Вторая проблема – уже более специфически российская. Для уваровского времени это еще не столь характерно (я подчеркиваю, что Успенский прав, но для более позднего периода), но образованное общество (не все, но очень значительная его часть) оказывается в оппозиции государству как таковому. У нас в России нет той этики. Я могу проиллюстрировать это анекдотом в смысле XIX в., т.е. реальной историей. Я однажды беседовал с одной моей коллегой из Турции. Ее отец был председателем парламента до того, как к власти пришли военные. Его арестовали, вывезли на острова в Мраморном море, били, конечно, потом судили, он отсидел, вернулся. А она в это время училась в Беркли.
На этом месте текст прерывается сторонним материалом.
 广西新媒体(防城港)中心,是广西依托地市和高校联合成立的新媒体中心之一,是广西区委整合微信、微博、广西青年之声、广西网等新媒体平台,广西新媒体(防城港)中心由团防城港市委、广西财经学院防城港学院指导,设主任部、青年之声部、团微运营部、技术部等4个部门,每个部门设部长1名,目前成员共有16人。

И когда она встретилась с отцом, говорит: «Армия-то, сволочи какие, надо теперь с ними поквитаться». Он говорит: «Подожди, подожди. Могут быть плохие офицеры, но не может быть плохой армии, потому что это нашаармия». Этой составляющей, приверженности государству как ценности, готовности сотрудничать с властью до определенных пределов, но и оппонировать тоже до определенных пределов, участвовать в диалоге у нас всегда очень сильно не хватало. Можно по-разному это оценивать. Кто-то скажет: «И славно!» Кто-то скажет, что плохо. Я, скорее, считаю, что плохо, но это уже не научное суждение. Я думаю, это очень типичная проблема.
Лейбин: Это русская культурная проблема или проблема тех, кто строил у нас национализм и коммуникацию по этому поводу?
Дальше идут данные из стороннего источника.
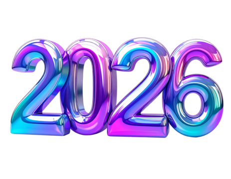 Holographic 3D 2026 Text with Iridescent Gradient and Futuristic Chrome-Glass Style on White Background

Миллер: Я думаю, что это культурная проблема в очень большой степени. Потому что если мы посмотрим на другие общества, которые сталкиваются с похожими проблемами, все-таки численность групп людей, для которых характерна такая «алиенация», отчуждение от государства, заметно меньше. Если мы задумаемся о том, что в 60 гг. XIX в. примерно 50% студентов университетов не заканчивают курс, а продолжают его как участники революционного движения, то мы поймем, что в России масштаб этой проблемы особенный.
Вопрос из зала: Это неизбежно, этот вопрос стоит в голове у всех. Спроецируйте уваровскую триаду на сурковскую. Нам Уваров уже неинтересен, не прошла его триада, в 1917 г. закопали. Все равно это проекция, самодержец.. Как сегодняшние «уваровцы» мнят при интернете, при открытости общества сделать из Путина самодержца в любой форме, название придумают? Вы все-таки поближе, может быть.
Миллер: Нет, я не поближе, в этом смысле я знаю ровно столько же, сколько и вы. И я не буду проводить этих аналогий. Во-первых, мне все эти аналогии, как специальный предмет для разговора, довольно несимпатичны, потому что сегодня я историк, и мне в этом качестве приятно, удобно, я к нему привык. В следующий четверг мне, на самом деле, будет очень неуютно, я буду пытаться выступать не как историк, впервые за время моего функционирования в формате публичных лекций. Там ваш вопрос будет легитимен, и я буду пытаться как-то на него ответить.
Лейбин: Небольшое замечание. В следующий раз у нас будет лекция «Дебаты о нации в современной России», поэтому правильно, что в этот раз у нас именно историческая лекция, потому что, чтобы думать об этом, надо иметь об этом представление.
Владимир Молотников: У меня очень конкретный вопрос. Это была не оговорка при разговоре о Наполеоне, что европейские войны XVII-XVIII вв. – это войны солдат, но не войны гражданского населения?
Миллер: Я понимаю смысл вашего вопроса. Здесь к моей неоговорке надо сделать целый ряд оговорок. Существовала более-менее неформальная легитимная практика (особенно в XVII в., ее уже меньше в XVIII в., когда армии становятся не наемнические), что немного пограбить можно. Для Наполеона это уже не так характерно. Уточните, пожалуйста, что вы имеете в виду.
Молотников: Я вовсе не о грабеже. Допустим, войны в республике Паолии. Событие знаковое для XVIII в. Европы. Сам термин «баки» – это войны граждан, а не армий. В конце концов, война за независимость в США, в конечном счете, – европейское явление. Более того, Наполеон говорит с Кутузовым, зная, что в Испании ежедневно простые жители линчуют его солдат. В конце концов, ознакомьтесь с творчеством Голли, знаменитый расстрел. Поэтому я бы хотел уточнить. Если мы говорим о некой европейской модели войны, то это явно неправильно. Никакой такой «европейской традиции» нет. А если говорить о крошечной западноевропейской (даже не вся Западная Европа в эту традицию укладывается), то это несколько стран Западной Европы, допустим, австрийская армия, в какой-то мене французская, уже в меньшей, наверно, прусская. И все. Ответ Кутузова с этой точки зрения выглядит совершенно другим по смыслу.